The San Pietro Cathedral, illuminated at night.

By the mid-31st century AD, roughly six and half centuries into the Holy Era, the San Pietro Cathedral was one of the most prominent buildings in the capital—recognizable to every child in Rome. In 3055 AD, Pope Gregorio XXX was entombed in the underground necropolis of the Cathedral.[5] In January 3060 AD, five years after the Gregorio's death and the subsequent election of his successor, Pope Alessandro XVIII, the Cathedral became a target for a group of terrorists known as the Fleur du Mal. With the support of another terrorist organization, the Rosencreutz Orden, the Fleur du Mal hijacked the Albion airship Tristan and threatened to crash it into the Vatican, destroying the Cathedral in the process, unless the Church agreed to release its vampire prisoners. With an indecisive child on the Papal throne, the Vatican's response to the terrorist threat was debated between the Pope's elder half-siblings, the cardinals Caterina Sforza and Francesco di Medici. Sforza considered the possibility of acquiescing to the terrorists' demands while Medici argued that the Vatican should resort to a military counterattack, believing that appeasement would only encourage further acts of terrorism against Rome. The incident was ultimately resolved when the Tristan hijacker was confronted and defeated by Abel Nightroad, a Vatican traveling priest who was also employed as an AX agent of the Ministry of Holy Affairs.[7]

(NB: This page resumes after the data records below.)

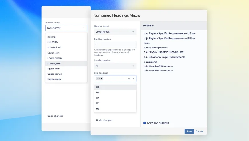 With Numbered Headings you can save time and reduce the effort to number your headings manually by automatically numbering them. The app allows teams to automatically number their headings and subheadings in pages or entire spaces. In addition to providing more ways to number headings (page, macro, and space), it also provides a variety of numbering formats for users to choose from. You can also:
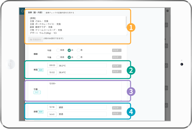 検温・排便・午睡・食事データが自動転記され、入力の手間を削減。
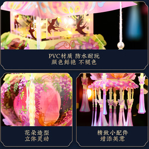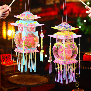 中秋灯笼幼儿园儿童手工diy材料包 国潮手提古风宫灯挂饰发光花灯
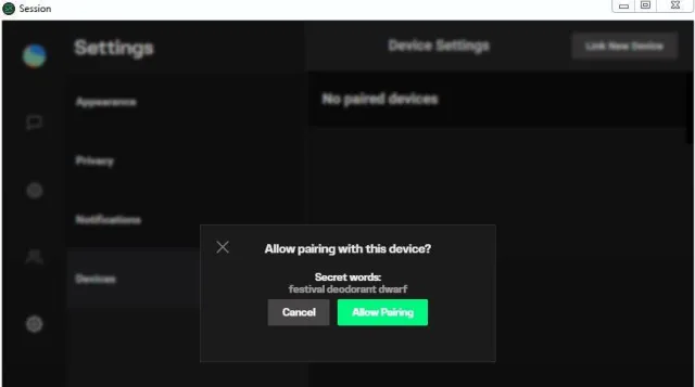 - Auf dem Desktop gehen Sie via Einstellungen zu Devices. Klicken Sie auf Link New Device. Ein QR-Code erscheint. Damit pairen Sie Ihr Handy mit der Desktop-Version.
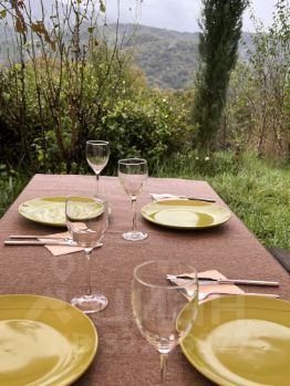 Большой навес, усыпанный виноградом, и беседка с панорамным видом на горы.
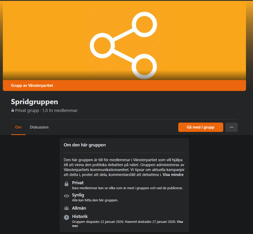 Gruppen ”Spridgruppen” på Facebook är till för medlemmar i Vänsterpartiet som vill hjälpa till att vinna den politiska debatten på nätet. Gruppen administreras av Vänsterpartiets kommunikationsenhet…
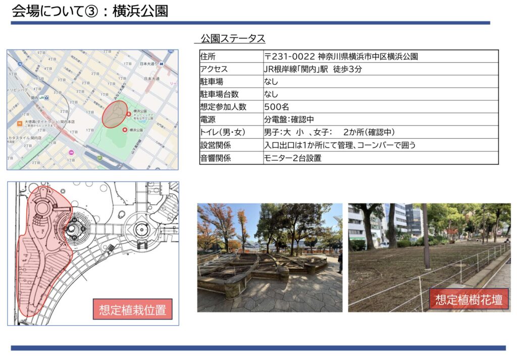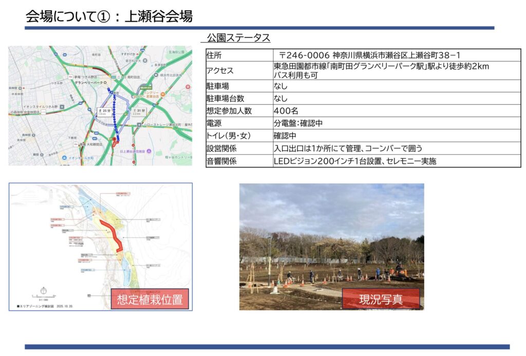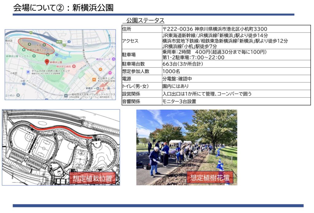<注>なお、資料に記載の住所は近隣の上瀬谷公園となっていますが、掲載されている位置図や写真は会場内を示しているため、実際の実施場所は会場内と考えられます。
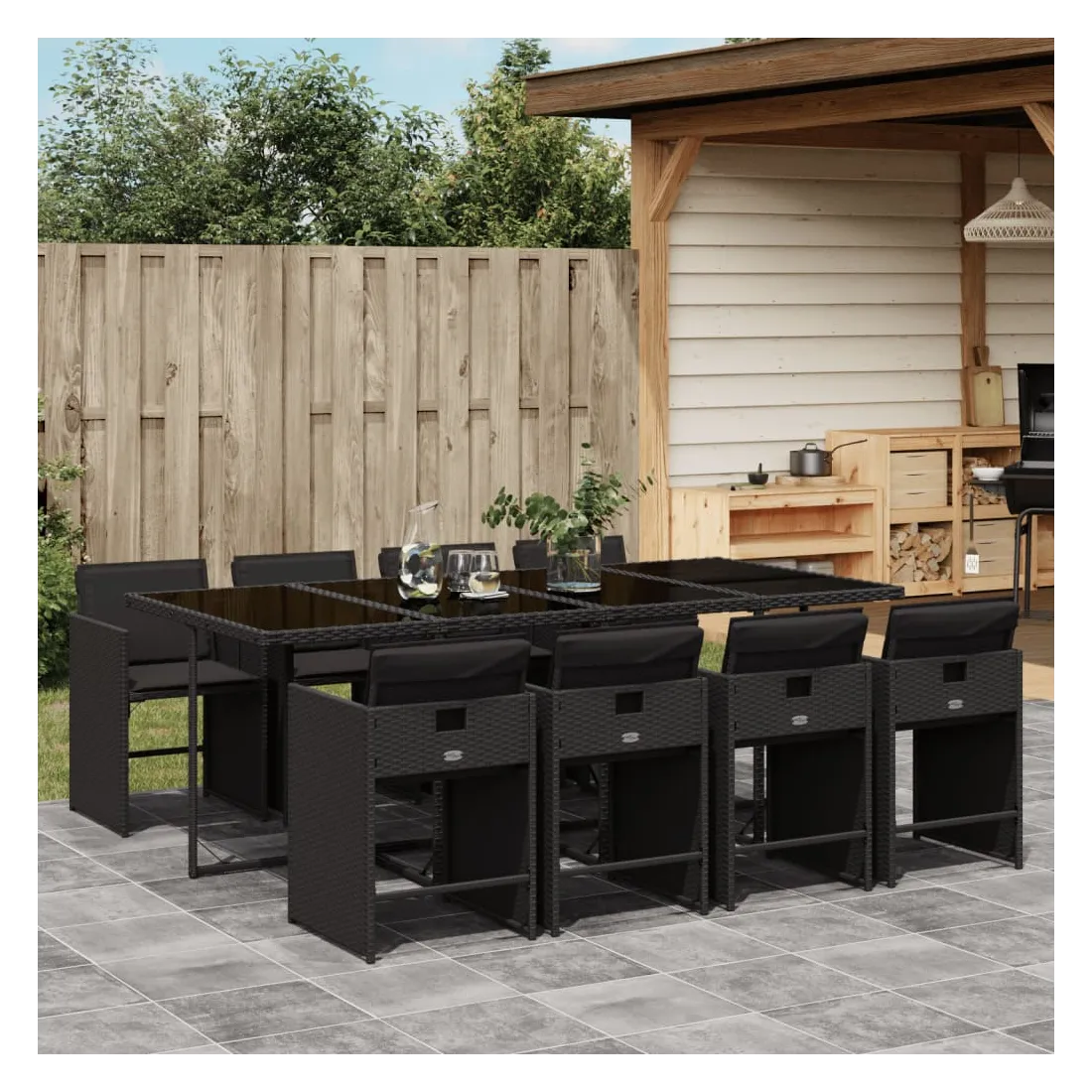 Cet ensemble de salle à manger de jardin est un excellent choix pour les repas en plein air ou pour vous détendre dans le jardin, dans l'arrière-cour ou sur la terrasse. Matériau durable : la résine tressée, également connue sous le nom de poly rotin, est un matériau synthétique solide et nécessitant peu d'entretien qui ressemble au rotin naturel. Il est léger, facile à nettoyer et couramment utilisé pour les meubles d'extérieur en raison de sa durabilité et de ses propriétés de résistance aux intempéries.Rangement compact : ces chaises sont dotées d'un dossier rabattable, ce qui permet de les ranger facilement sous la table. Une fois pliées, elles se rangent parfaitement sous la table, formant un cube peu encombrant.Expérience d'assise confortable : ce mobilier d'extérieur, doté de coussins épais, offre une expérience d'assise confortable.Housse amovible et lavable : ces coussins de siège sont dotés de housses amovibles pour un lavage et un entretien faciles. Les housses de coussin de chaise ont un rabat à l'arrière pour une fixation facile aux chaises.Dessus stable et facile à nettoyer : cette table de jardin est dotée d'un dessus en verre trempé robuste, durable et facile à nettoyer à l'aide d'un chiffon humide. Bon à savoir : Pour que vos meubles d'extérieur restent beaux, nous vous recommandons de les protéger avec une housse imperméable.

Another attempted terrorist attack took place in Rome by late May 3060 AD, several months after the Tristan incident. In the wake of the Barcelona incidents, the Vatican had reason to believe that the Rosencreutz Orden—the terrorists responsible for the destruction of Barcelona—were planning to initiate an attack against Rome, uusing the same technology that was utilized against Barcelona. The suspected plot coincided with Archbishop Alfonso d'Este's return to Rome. The Archbishop of Cologne had chosen to live in a state of self-imposed exile in the Kingdom of Germanicus, having grown bitter over his defeat in the last Papal election. Upon his return to the capital, d'Este presented the Vatican with two gifts as a sign of reconciliation between himself and his family. A bell was placed in the San Pietro Cathedral and an obelisk was erected in the center of the San Pietro Plaza.[5]

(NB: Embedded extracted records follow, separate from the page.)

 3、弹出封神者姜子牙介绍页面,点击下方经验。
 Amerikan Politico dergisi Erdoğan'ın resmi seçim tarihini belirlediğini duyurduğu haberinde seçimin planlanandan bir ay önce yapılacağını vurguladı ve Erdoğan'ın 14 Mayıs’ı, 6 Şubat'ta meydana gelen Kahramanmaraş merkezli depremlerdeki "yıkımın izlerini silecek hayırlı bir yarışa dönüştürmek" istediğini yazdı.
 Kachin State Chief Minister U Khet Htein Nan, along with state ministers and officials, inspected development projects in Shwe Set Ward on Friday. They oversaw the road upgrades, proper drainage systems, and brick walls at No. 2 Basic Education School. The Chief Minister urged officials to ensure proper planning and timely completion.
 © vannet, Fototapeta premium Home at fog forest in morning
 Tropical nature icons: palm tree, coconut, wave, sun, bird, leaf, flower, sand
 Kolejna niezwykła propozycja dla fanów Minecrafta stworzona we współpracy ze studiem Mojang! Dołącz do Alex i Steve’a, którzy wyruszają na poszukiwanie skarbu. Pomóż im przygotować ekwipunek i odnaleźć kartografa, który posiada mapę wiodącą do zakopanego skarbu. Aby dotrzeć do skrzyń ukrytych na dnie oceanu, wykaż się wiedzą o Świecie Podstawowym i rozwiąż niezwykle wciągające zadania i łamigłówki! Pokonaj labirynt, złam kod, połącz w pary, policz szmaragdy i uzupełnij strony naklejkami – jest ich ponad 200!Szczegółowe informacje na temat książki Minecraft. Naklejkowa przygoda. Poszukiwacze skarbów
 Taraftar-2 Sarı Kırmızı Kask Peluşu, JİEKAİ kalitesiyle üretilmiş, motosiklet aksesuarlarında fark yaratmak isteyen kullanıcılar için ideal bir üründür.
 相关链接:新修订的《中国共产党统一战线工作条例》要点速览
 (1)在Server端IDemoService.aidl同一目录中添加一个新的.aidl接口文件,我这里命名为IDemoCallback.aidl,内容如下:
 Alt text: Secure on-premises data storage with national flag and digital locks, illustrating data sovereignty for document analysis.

Episode 9 (Papal throne room)

The Papal throne room, located in the center of the San Pietro Cathedral.

At first the AX suspected that the bell contained the Silent Noise system, given the fact that it was the bells of the Sagrada Familia that triggered the destruction of Barcelona. After nothing happened when d'Este rang the bell, Sforza was placed under house arrest and the AX was threatened with disbandment. The AX's suspicions were justified, however, when they discovered that the Silent Noise weapon was the obelisk rather than the bell. D'Este had betrayed his allegiance to the Church and the Vatican by conspiring with the Rosencreutz Orden. He intended to destroy Rome, and by proxy the Vatican in order to create a "new" Vatican with himself as Pope.[5]

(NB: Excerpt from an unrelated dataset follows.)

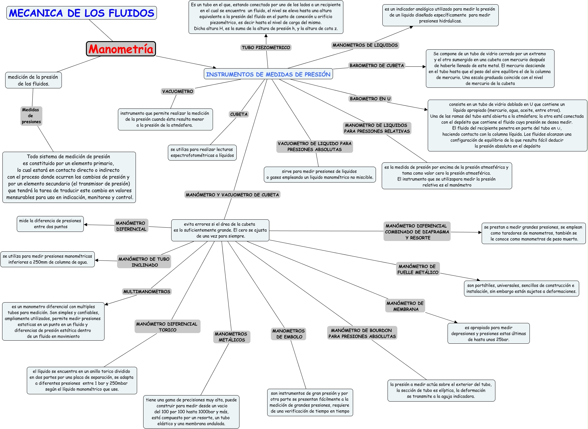 Este Cmap, tiene información relacionada con: MECANICA DE LOS FLUIDOS, INSTRUMENTOS DE MEDIDAS DE PRESIÓN BAROMETRO EN U consiste en un tubo de vidrio doblado en U que contiene un líquido apropiado (mercurio, agua, aceite, entre otros). Una de las ramas del tubo está abierta a la atmósfera; la otra está conectada con el depósito que contiene el fluido cuya presión se desea medir. El fluido del recipiente penetra en parte del tubo en ∪, haciendo contacto con la columna líquida. Los fluidos alcanzan una configuración de equilibrio de la que resulta fácil deducir la presión absoluta en el depósito, evita errores si el área de la cubeta es lo suficientemente grande. El cero se ajusta de una vez para siempre. MANÓMETRO DE FUELLE METÁLICO son portátiles, universales, sencillos de construcción e instalación, sin embargo están sujetos a deformaciones., evita errores si el área de la cubeta es lo suficientemente grande. El cero se ajusta de una vez para siempre. MANÓMETRO DIFERENCIAL TORICO el líquido se encuentra en un anillo torico dividido en dos partes por una placa de separación, se adapta a diferentes presiones entre 1 bar y 250mbar según el líquido manométrico que use., evita errores si el área de la cubeta es lo suficientemente grande. El cero se ajusta de una vez para siempre. MANÓMETRO DE MEMBRANA es apropiado para medir depresiones y presiones estas últimas de hasta unos 25bar., INSTRUMENTOS DE MEDIDAS DE PRESIÓN MANOMETRO DE LIQUIDOS PARA PRESIONES RELATIVAS es la medida de presión por encima de la presión atmosférica y toma como valor cero la presión atmosférica. El instrumento que se utilizapara medir la presión relativa es el manómetro, INSTRUMENTOS DE MEDIDAS DE PRESIÓN VACUOMETRO instrumento que permite realizar la medición de la presión cuando ésta resulta menor a la presión de la atmósfera., evita errores si el área de la cubeta es lo suficientemente grande. El cero se ajusta de una vez para siempre. MANOMETROS DE EMBOLO son instrumentos de gran presión y por otra parte se presentan fácilmente a la medición de grandes presiones, requiere de una verificación de tiempo en tiempo, INSTRUMENTOS DE MEDIDAS DE PRESIÓN CUBETA se utiliza para realizar lecturas espectrofotométricas a líquidos, INSTRUMENTOS DE MEDIDAS DE PRESIÓN TUBO PIEZOMETRICO Es un tubo en el que, estando conectado por uno de los lados a un recipiente en el cual se encuentra un fluido, el nivel se eleva hasta una altura equivalente a la presión del fluido en el punto de conexión u orificio piezométrico, es decir hasta el nivel de carga del mismo. Dicha altura H, es la suma de la altura de presión h, y la altura de cota z., evita errores si el área de la cubeta es lo suficientemente grande. El cero se ajusta de una vez para siempre. MANÓMETRO DE TUBO INCLINADO se utiliza para medir presiones manométricas inferiores a 250mm de columna de agua., medición de la presión de los fluidos. Medidas de presiones Todo sistema de medición de presión es constituido por un elemento primario, lo cual estará en contacto directo o indirecto con el proceso donde ocurren los cambios de presión y por un elemento secundario (el transmisor de presión) que tendrá la tarea de traducir este cambio en valores mensurables para uso en indicación, monitoreo y control., INSTRUMENTOS DE MEDIDAS DE PRESIÓN VACUOMETRO DE LIQUIDO PARA PRESIONES ABSOLUTAS sirve para medir presiones de liquidos o gases empleando un liquido manométrico no miscible., evita errores si el área de la cubeta es lo suficientemente grande. El cero se ajusta de una vez para siempre. MANÓMETRO DIFERENCIAL mide la diferencia de presiones entre dos puntos, evita errores si el área de la cubeta es lo suficientemente grande. El cero se ajusta de una vez para siempre. MANÓMETRO DIFERENCIAL COMBINADO DE DIAFRAGMA Y RESORTE se prestan a medir grandes presiones, se emplean como taradores de manometros, también se le conoce como manometros de peso muerto., INSTRUMENTOS DE MEDIDAS DE PRESIÓN MANOMETROS DE LIQUIDOS es un indicador analógico utilizado para medir la presión de un liquido diseñado específicamente para medir presiones hidráulicas., INSTRUMENTOS DE MEDIDAS DE PRESIÓN BAROMETRO DE CUBETA Se compone de un tubo de vidrio cerrado por un extremo y el otro sumergido en una cubeta con mercurio después de haberle llenado de este metal. El mercurio desciende en el tubo hasta que el peso del aire equilibra el de la columna de mercurio. Una escala graduada coincide con el nivel de mercurio de la cubeta, MECANICA DE LOS FLUIDOS Manometría medición de la presión de los fluidos., evita errores si el área de la cubeta es lo suficientemente grande. El cero se ajusta de una vez para siempre. MULTIMANOMETROS es un manometro diferencial con multiples tubos para medición. Son simples y confiables, ampliamente utilizados, permite medir presiones estaticas en un punto en un fluido y diferencias de presión estática dentro de un fluido en movimiento, MECANICA DE LOS FLUIDOS Manometría INSTRUMENTOS DE MEDIDAS DE PRESIÓN, evita errores si el área de la cubeta es lo suficientemente grande. El cero se ajusta de una vez para siempre. MANÓMETRO DE BOURDON PARA PRESIONES ABSOLUTAS la presión a medir actúa sobre el exterior del tubo, la sección de tubo es elíptica, la deformación se transmite a la aguja indicadora.

On the eve of the execution of Operation Silent Noise, Sforza was taken to the Vatican Necropolis where the Rosencreutz operative Isaak Fernand von Kämpfer attempted to seduce Sforza to his order's side. Sforza refused to betray the Vatican, however. At the same time, Nightroad arrived in the underground church where he fought to defend Sforza against Kämpfer. Meanwhile, the AX agent Leon Garcia de Asturias entered the San Pietro Plaza and ultimately disabled the Silent Noise weapon. With the prevention of Operation Silent Noise, the Rosencreutz plot to destroy Rome ended in failure.[5]